Możesz otworzyć tę stronę swoim smartfonem w wiosce indyjskiej, możesz przeszukiwać ją w zakresie części kraju, gminy, a nawet wioski, w której się znajdujesz, a najważniejsze, jak sądzę, to że wiesz, że jeśli twoja twarz, piosenka, wieś, wykonywana praca jest tam umieszczona, to ludzie na całym świecie mogą ją zobaczyć i to w różnych językach.

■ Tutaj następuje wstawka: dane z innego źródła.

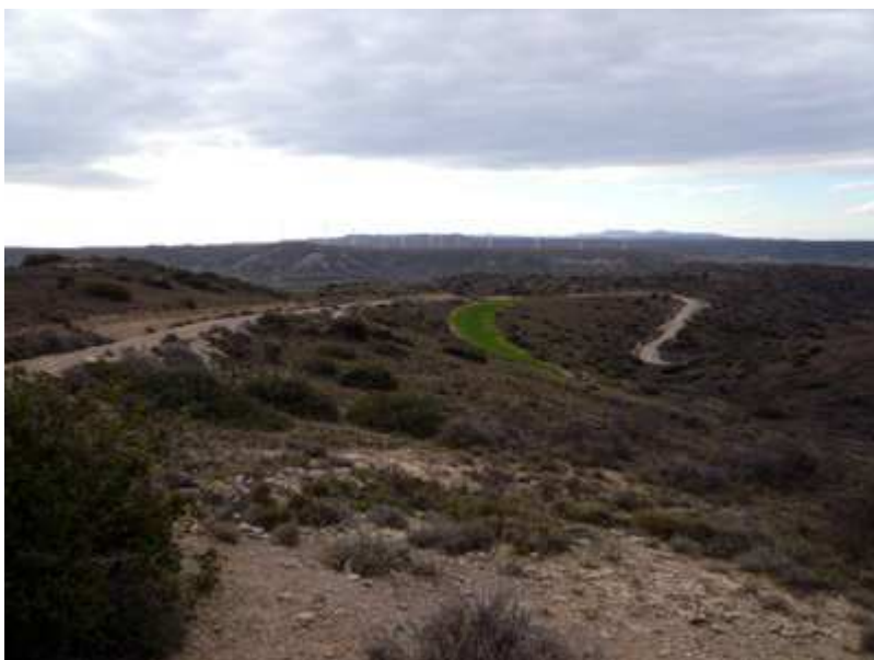
Foto desde Punta Peiré, los molinos están a nuestra espalda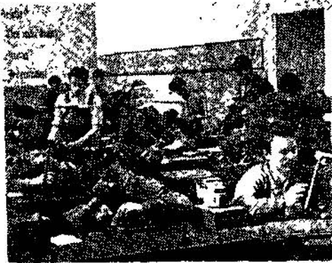
Şekil 1 : Modern bir fabrikada ameli yetiştirme

Endüstri memleketleri ile şark memleketleri arasında fabrika ve fabrikasyon kelimelerinin mânaları aynı şekilde anlaşılmaz. Garpli için fabrika denildiği zaman, Mühendis, kalifiye teknisyen ve işçisi, teknik, kalkülasyon ve ticari büroları olan, seri şekilde rakiplerine karşı, kalite ve maddeleri tespit edilmiş zamanlar içinde imal eden ve daima inkişafı düşünülen bir yer anlaşılır. Garp fabrikaları prensip itibarile kendi işçi ve teknisyenini dâima kendisi yetiştirir. Her fabrika aynı zamanda bir sanat okulu ve araştırma yeri gibi kabul etmek icab eder. İşçi burada çırak olarak hususî, nazarı ve ameli olarak bilhassa kendi fabrikası ile ilgili sahalarda senelerce yetiştirilir, imalât için işçi sıfatını aldığı zaman işinin tam ehli bir işçi olarak tezgâh başında görebiliriz. Bir fabrikada yetiştirilen bir işçinin fabrikaya olan bağlılığının da fazla olması bakımından garbin kabul ettiği fabrika ve fabrikasyon sisteminin bugünkü endüstrinin inkişafı için bir temel teşkil ettiğini kabul etmek icab eder. No. 1 ve 2 Fotoğraflar bir fabrikada çıraklara verilen nazarı dersleri ve ameli olarak nasıl yetiştirildiklerini göstermektedir:

Myślę, że w konsekwencji jest to coś, co ogromnie upodmiotawia, a kiedy ludzie mogą zobaczyć swoje twarze i słowa na ekranie w ten sposób, w sposób, który nie jest tylko postem na facebooku, ale w taki sposób, że wiedzą, że jest to skierowane do szerokiej publiczności, mam nadzieję, że jest to coś, co ich przekona, że mają takie same prawa i znaczenie, jak ktoś, kogo twarz pojawia się na antenie ogólnokrajowej stacji telewizyjnej.
Na tym skończę i chętnie usłyszę Wasze komentarze, pytania, wszelkie myśli, do których moja historia Was sprowokowała.